On 10/20/23 1:40 AM, Wenjia Zhang wrote:


On 19.10.23 09:33, D. Wythe wrote:


On 10/19/23 4:26 AM, Wenjia Zhang wrote:


On 17.10.23 04:06, D. Wythe wrote:


On 10/13/23 3:04 AM, Wenjia Zhang wrote:


On 11.10.23 09:33, D. Wythe wrote:
From: "D. Wythe" <alibuda@xxxxxxxxxxxxxxxxx>

Note that we always hold a reference to sock when attempting
to submit close_work.
yes
Therefore, if we have successfully
canceled close_work from pending, we MUST release that reference
to avoid potential leaks.

Isn't the corresponding reference already released inside the smc_close_passive_work()?


Hi Wenjia,

If we successfully cancel the close work from the pending state,
it means that smc_close_passive_work() has never been executed.

You can find more details here.

/**
* cancel_work_sync - cancel a work and wait for it to finish
* @work:the work to cancel
*
* Cancel @work and wait for its execution to finish. This function
* can be used even if the work re-queues itself or migrates to
* another workqueue. On return from this function, @work is
* guaranteed to be not pending or executing on any CPU.
*
* cancel_work_sync(&delayed_work->work) must not be used for
* delayed_work's. Use cancel_delayed_work_sync() instead.
*
* The caller must ensure that the workqueue on which @work was last
* queued can't be destroyed before this function returns.
*
* Return:
* %true if @work was pending, %false otherwise.
*/
boolcancel_work_sync(structwork_struct *work)
{
return__cancel_work_timer(work, false);
}

Best wishes,
D. Wythe
As I understand, queue_work() would wake up the work if the work is not already on the queue. And the sock_hold() is just prio to the queue_work(). That means, cancel_work_sync() would cancel the work either before its execution or after. If your fix refers to the former case, at this moment, I don't think the reference can be hold, thus it is unnecessary to put it.
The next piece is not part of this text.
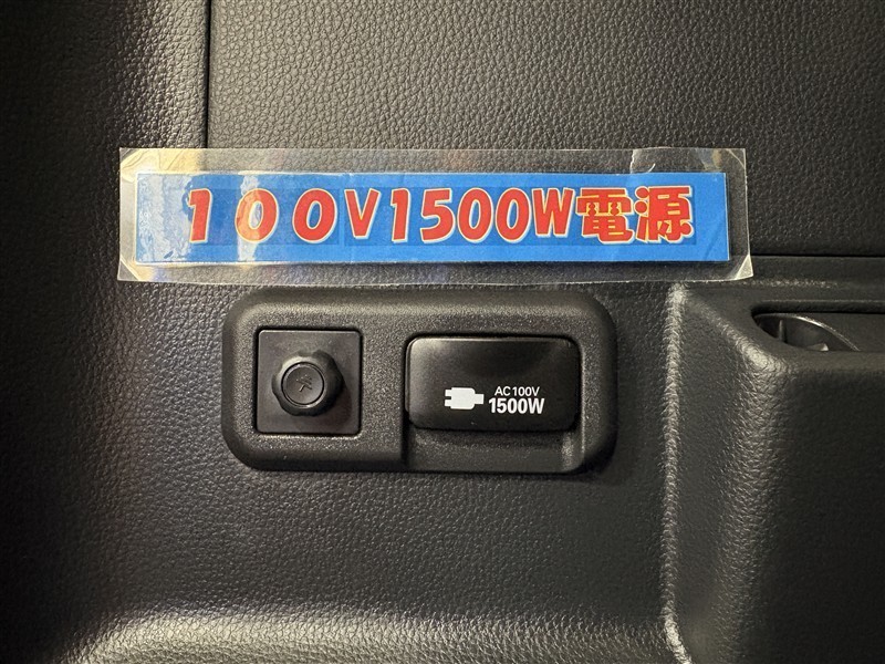 AC100V・1500Wコンセント付き。災害などの非常時に電力が必要な時、車両停止状態で電力を供給!お湯を沸かしたり電子レンジや炊飯器も使えます。

I am quite confuse about why you think when we cancel the work before its execution,
the reference can not be hold ?


Perhaps the following diagram can describe the problem in better way :

smc_close_cancel_work
smc_cdc_msg_recv_action


sock_hold
queue_work
if (cancel_work_sync())        // successfully cancel before execution
sock_put()                        //  need to put it since we already hold a ref before   queue_work()


ha, I already thought you might ask such question:P

I think here two Problems need to be clarified:

1) Do you think the bh_lock_sock/bh_unlock_sock in the smc_cdc_msg_recv does not protect the smc_cdc_msg_recv_action() from cancel_work_sync()? Maybe that would go back to the discussion in the other patch on the behaviors of the locks.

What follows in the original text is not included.